Edward Patrick Francis Eagan (April 26, 1897 – June 14, 1967) was an American boxer and bobsledder who is notable as being the only person to win a gold medal at both the Summer and Winter Olympic Games in different disciplines. Eagan won his summer gold in boxing and his winter gold in four-man bobsled. Finally, Eagan is one of the few athletes who have competed in both the Summer and Winter Olympic games.

Early life

Eagan was born into a modest family in Denver, Colorado. He graduated from Longmont High School and attended college at Denver University for one year, during which time he won the western middleweight title.
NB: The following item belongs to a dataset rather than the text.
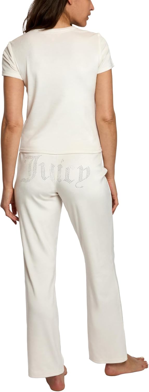 Juicy Couture Women’s 2 Piece Velvet Fleece Short Sleeve Shirt and Pants Lounge Sleepwear Set

During World War I he was an artillery lieutenant and was the middleweight champion of the American Expeditionary Forces. After the war he attended Yale University. In 1919
he won the AAU's heavyweight title. After graduating from Yale in 1921, Eagan attended Harvard Law School and the University of Oxford. In 1923 he won Amateur Boxing Association heavyweight title.

Olympics

Summer Olympics
In 1920, he competed as a boxer at the 1920 Summer Olympics in Antwerp, and won the gold medal in the light-heavyweight division. He also competed at the 1924 Summer Olympics, but this time as a heavyweight. He failed to medal, having lost in the first round to Arthur Clifton (see Boxing at the 1924 Summer Olympics - Men's heavyweight).

Winter Olympics
Eagan returned to the Olympics eight years later, this time as a member of the bobsled crew of Billy Fiske, who steered to victory at the 1932 Winter Olympics in Lake Placid. Eagan became the first of six Olympians to medal in both the Winter and Summer Games, followed by Jacob Tullin Thams (Norway), Christa Luding-Rothenburger (East Germany), Clara Hughes (Canada), and Lauryn Williams (United States). Eddy Alvarez joined Eagan and Williams in 2020 as the only Americans to win medals in both the Winter and Summer Olympics. Eagan is one of two competitors to win gold in both Olympic seasons (the other being Gillis Grafström whose only summer gold was in figure skating).

Personal life

In 1927 Eagan married Margaret Colgate, who was a member of the family that founded Colgate-Palmolive. In 1932 he was admitted to the New York bar and began a career in private practice. He spent five years as an Assistant United States Attorney for the Southern District of New York before joining the United States Army Air Forces. During World War II, he served in the Air Transport Command and visited nearly every place where the Army had planes. He retired with the rank of lieutenant colonel and earned numerous decorations. After the war, Egan was appointed chairman of the New York State Athletic Commission. He resigned in 1951 to focus on his law practice.

Eddie Eagan set a world record for the fastest circumnavigation of the globe by scheduled airlines on December 13, 1948.  He traveled 20,559 miles stopping at 18 different stations and beat the previous record by 20 hours and 15 minutes.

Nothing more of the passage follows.